Military leaders and analysts say evolving cyber threats will require the Defense Department to work more closely with experts in industry...
Indeed, the Pentagon must ultimately change its culture, say independent analysts and military personnel alike. It must create a collaborative environment in which military, civilian government and, yes, even the commercial players can work together to determine and shape a battle plan against cyber threats...
Ok, that sounds nice. Everyone wants to foster collaboration and communication. Join hands and sing!
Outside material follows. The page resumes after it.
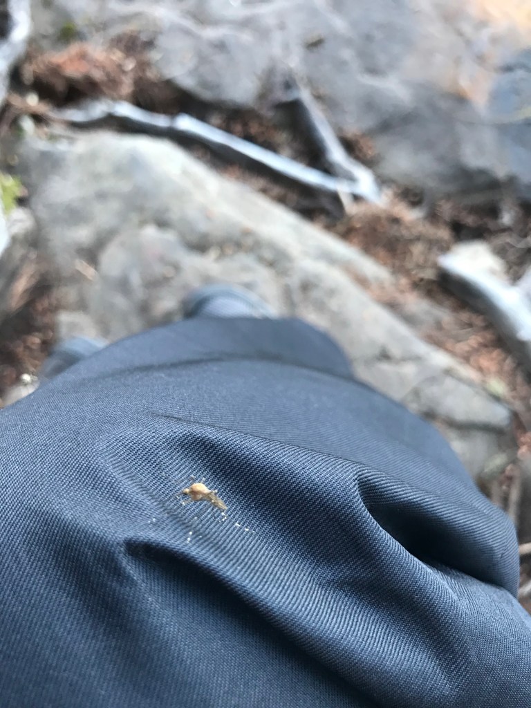 What you see in that photo is a frustrated mosquito. We were up in the lakes during a time of a Great Mosquito Gathering. They had assembled in large numbers and were primarily interested in my blood. I’m one of those people that mosquitos love. My husband’s theory is that my blood is too sweet and that I need to drink bitter ales and unsweetened coffee in order to have the kind of natural immunity that he seems to possess. I told him I would pay real money if someone could develop a kind of fabric that mosquitos couldn’t pierce. In my experience, they bite through socks, jeans, long-sleeved shirts, anything. The amount of mosquito spray I use seems irrelevant to them. It seemed to be my fate to act as mosquito bait.

“Government may be a late adopter, but we should be exploiting its procurement power,” said Melissa Hathaway, former acting senior director for cyberspace for the Obama administration, at the ArcSight conference in Washington last month...
Hmm, "procurement power." This indicates to me that technology is the answer?
Although one analyst praised the efforts to make organizational changes at DOD, he also stressed the need to give industry more freedom. “The real issue is a lack of preparedness and defensive posture at DOD,” said Richard Stiennon, chief research analyst at independent research firm IT-Harvest and author of the forthcoming book "Surviving Cyber War."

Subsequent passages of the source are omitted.